Model Bundles Overview

2.1. Settings

In the Settings tab, you can update or delete your model bundle as needed.

Model Bundles Settings

2.2. Viewing a file

Click on a file in the file tree to display its contents in the text editor window.

Model Bundles file view

2.3. Editing a file

Edit your code on the fly by clicking into the text editor window and typing into it.

Save your file edits by clicking on the Save changes button at the bottom of the main window. This button only appears when changes are detected.

Model Bundles file view after editing

2.3. Uploading a file

In the overview, click on the upload file (leftmost) icon above the file tree to display the file upload modal window.

There are two ways to upload a file:

  1. Click on the file upload area to open a file selector and select a file from your file explorer.
  2. Drag a file from your file explorer into the file upload area

Model Bundles file upload

Confirm your file in the card below, then determine its final path in the Model Bundle file tree via the File relative path field.
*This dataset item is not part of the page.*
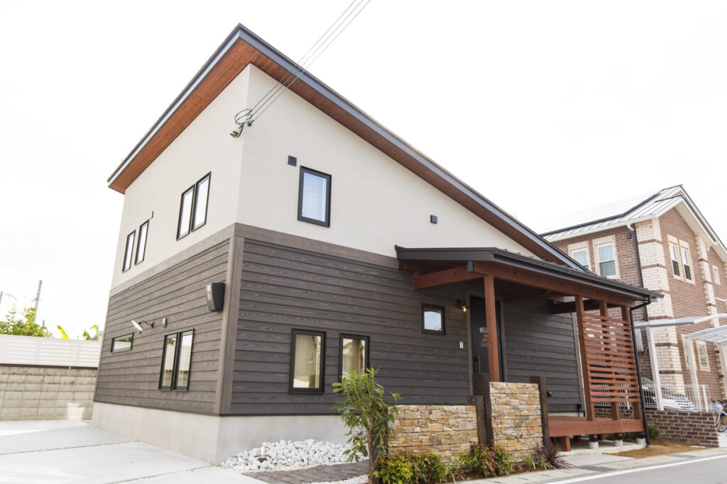 落ち着いたグレーの塗り壁を基調に、温かみのある木貼りをアクセントに添えた外観。

Model Bundles file upload confirmation

You can also upload a directory of files by clicking the upload directory (second from left) icon.


3. Model Bundle Files

A model bundle contains everything needed to:

  • Configure the environment: via requirements.txt.
  • Run the model: via model.py and a weights file (e.g. .pkl, .json, .joblib, etc.).

For library-specific demos, check the GitHub model-bundle-examples repository.

OICM prefers model bundles to be organized in a flat directory structure. For example

model-bundle
├── endpoints.yaml
├── model.py
├── model_1.pt
├── model_2.bin
└── requirements.txt

3.1. Requirements

  • Place a requirements.txt file in the root of the model bundle.
  • Include all library dependencies (e.g., numpy, scikit-learn) and its versions.

3.2. Model Code

Add your model application code in model.py. The file must contain a Model class with two methods: load (to load the model) and predict (to perform inference).

class Model:

    def __init__(self, **kwargs) -> None:
        ...

    def load(self) -> None:
        # Load the model
        ...

    def predict(self, model_input: Any) -> Any:
        # Apply inference logic
        ...
        return model_output

NOTE: We only currently support inference and loading via a single model.py file. If model.py loads adjacent modules or functions, it will not work.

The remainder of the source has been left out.